When he failed to acknowledge her suggestion,
she took that to mean that he did not want her to come back. But
surprisingly, he whispered, "Rav Lewyn?" as though he were testing
the idea of her being a rabbi. She was about to leave when he said,
"It is not I who must trust you, Rav Lewyn, but you who must trust
me
."

An expression of puzzlement crossed her
face.

"Because I know the words and phrases from
these fragments," he said with a teasing glance, his eyes dancing
with youthful mirth. His index finger, gnarled with arthritis, rose
from the bed to wag. "How would you know if I make a mistake?"

***

It took eight days before Rav Schreiber was
released from Sha-arey Zedek and two more before he felt strong
enough to receive Gabby at home. She arrived heavily clothed to
avoid suspicion of sexual impropriety, even with an eighty-two year
old widower, nearly crippled by a fall on the street, and, most
probably at his advanced age, incontinent and impotent.

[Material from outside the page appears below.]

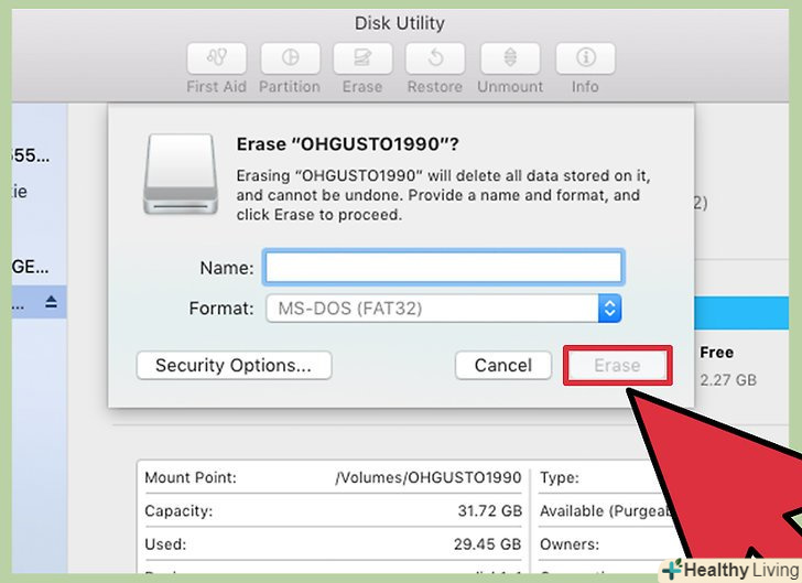 Натисніть "Стерти" для початку процесу форматування.всі дані, які зберігалися на накопичувачі, будуть видалені, а файлова система буде відформатована в FAT32.
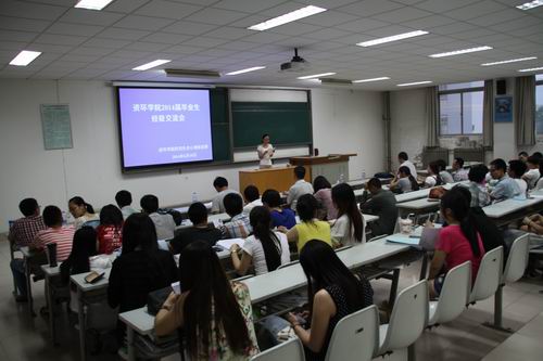 6月10日晚,72886必赢欢迎光临研究生会在3T22教室组织承办了“2014届研究生毕业生经验交流会”。学院100多名2012级学术型硕士研究生及2013级专业学位硕士研究生参加了此次经验交流会。

When she
arrived, the rabbi was seated beside Tim’s HP laptop, connected by
a cable to a printer, exactly as Tim had left them before his fatal
journey.

A home health aide and housekeeper ordered by
the hospital's social worker had already come and gone, leaving
behind frozen kosher meals to heat in a small microwave oven, also
on loan from the hospital. Schreiber offered Gabby fresh peaches on
a cracked plate still dusted with crumbs from a previous meal. In
his kitchen, she made a pot of the strong Italian coffee he
preferred, then watched as he struggled to control an unsteady hand
while lifting a cup of it from the saucer to his lips.

At the first opportunity, Gabby searched for
a translation of the Greek scroll Schreiber believed was
responsible for Tim's death. The text was not easily found amid
reams of paper that had emerged from Tim’s printer. Schreiber
helped by rummaging through individual sheets, reading portions
then assigning them new homes atop different piles that reminded
Gabby of scattered tombstones. He tired before locating the scroll
and was forced to call a recess. In the meantime, she booted up
Tim’s laptop to learn what was stored on the C-drive. There were
more than three thousand entries, but Tim's proprietary software
blocked access to many.

When he awoke from his nap, Schreiber
discovered the modern Hebrew rendition of the Greek scroll, beside
which both he and Tim had penned English translations. Gabby read
first the English, then the Hebrew. Was this the
discovery of a lifetime?
Upon a second reading, she
came to the same conclusion that Tim had. Fearing the wrath of
foreign gods, Romans had usually refrained from interfering with
the religious customs of the peoples they governed. They asserted
their authority only when threatened or when their subjects refused
to pay taxes. Obviously, this remote yeshiva at Ein Arugot was no
ordinary school. And since the Greek scroll was found among other
Hebrew and Aramaic fragments, not at Ein Arugot but north at
Qumran, they were very likely related.

Gabby's reaction paralleled Tim's in another
way. Just as it had stirred his curiosity to visit the proposed
site, so it instilled the same passion in her, demanding she
revisit her earlier decision to keep Itamar Arad out of the loop.
While initially wishing to work with Rav Schreiber in secret, she
no longer felt that practical. The time had come to share with
Itamar contents of the Greek scroll.